PHOTO DOMINICK GRAVEL, LA PRESSE

On battait le rythme à l’Auditorium de Verdun.

Déjà, une heure avant la rencontre, il y avait une ambiance de carnaval dans l’aréna. Au rez-de-chaussée, des percussionnistes accueillaient les spectateurs. Au premier étage, plus de 300 personnes faisaient la file pour acheter un chandail ou une tuque (sans logo !) aux couleurs de l’équipe montréalaise. Ça débordait jusque dans les escaliers. La foule était hétéroclite. Il y avait des francos. Des anglos. Des enfants. Des grands-parents. Cinquante pour cent d’hommes. Cinquante pour cent de femmes. Un groupe m’a semblé présent en plus grand nombre : les jeunes femmes de 18 à 30 ans.

Dans les gradins, on retrouvait aussi l’équipe de haute direction du Canadien : Geoff Molson, France Margaret Bélanger, Jeff Gorton, Kent Hughes, John Sedgwick, Geneviève Paquette.

« L’ambiance est vraiment super, m’a dit Geoff Molson.

— Pensez-vous que cette fois-ci, c’est la bonne pour le hockey féminin ?

— Oui. Ils font les choses de la bonne façon. Avant, il y avait deux ligues. Maintenant, une seule. Le niveau de jeu sera plus élevé. Dans les prochaines années, on verra beaucoup d’amélioration autour de l’équipe, plus d’implication de la communauté et des compagnies. […] En arrière-plan, on les aide à promouvoir le sport.
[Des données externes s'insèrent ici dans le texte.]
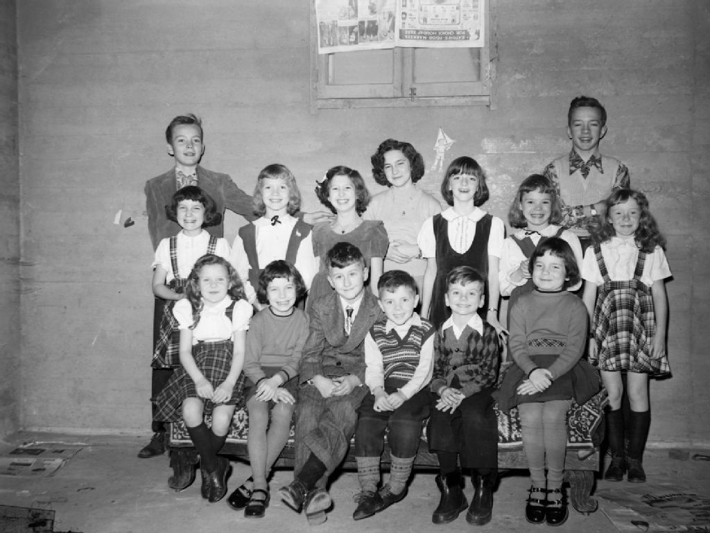 Des enfants sont réunis au sous-sol d'une résidence pour célébrer l'anniversaire de Janet Dettman. Nous remarquons que la pièce est dénudée et des pages du catalogue du magasin Eaton servent de rideaux à la fenêtre
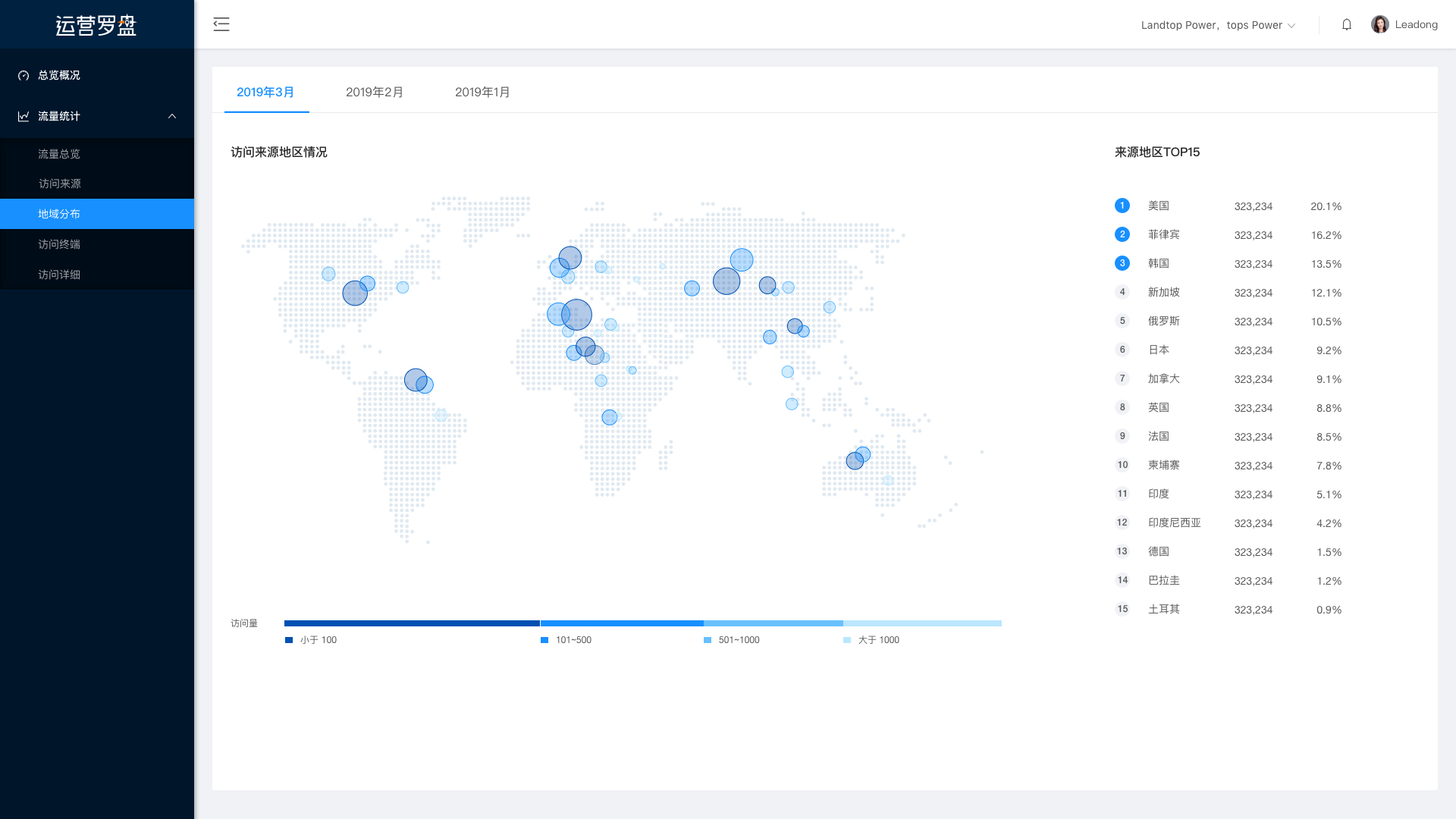 流量总览:从网站近一个月的总浏览量、独立访客数、独立IP、询盘转化率等方面,反映出网站这一段时间的运营数据,提高了运营人员的工作效率。
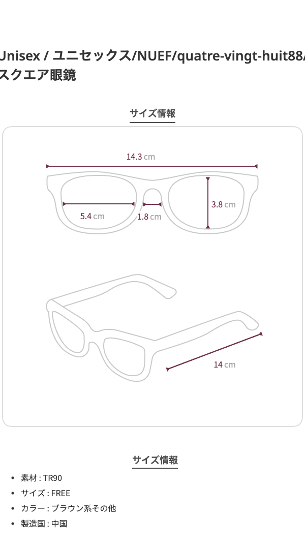 - テンプル内のサイズ情報と実測は異なる場合があります。
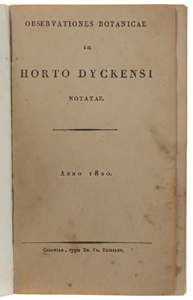 - Titolo: OBSERVATIONES BOTANICAE IN HORTO DYCKENSI NOTATAE. Anno 1820.

On annonce leurs matchs. Si on peut les aider à trouver des commanditaires, on va le faire. Au fil des années, j’espère qu’on sera de plus en plus impliqués. »

Une partie des succès de la LPHF est attribuable à l’effet de nouveauté. Mais les ventes de billets des prochaines parties de l’équipe montréalaise laissent croire que la salle comble de samedi ne sera pas un cas unique cette saison. Cet engouement s’inscrit par ailleurs dans un mouvement plus large d’essor du sport féminin. Pas juste ici. Partout dans le monde.

La firme Deloitte prévoit que le sport féminin d’élite générera des revenus de 1,3 milliard US cette année. C’est trois fois plus que ses prévisions d’il y a trois ans.

Les cas de succès se multiplient. Aux États-Unis, les revenus de la WNBA sont maintenant de 200 millions US. En Angleterre, les joueuses de la Premier League de soccer gagnent en moyenne 80 000 $, et jusqu’à 500 000 $ CAN. En Inde, cinq clubs féminins de cricket ont récemment été vendus un demi-milliard de dollars.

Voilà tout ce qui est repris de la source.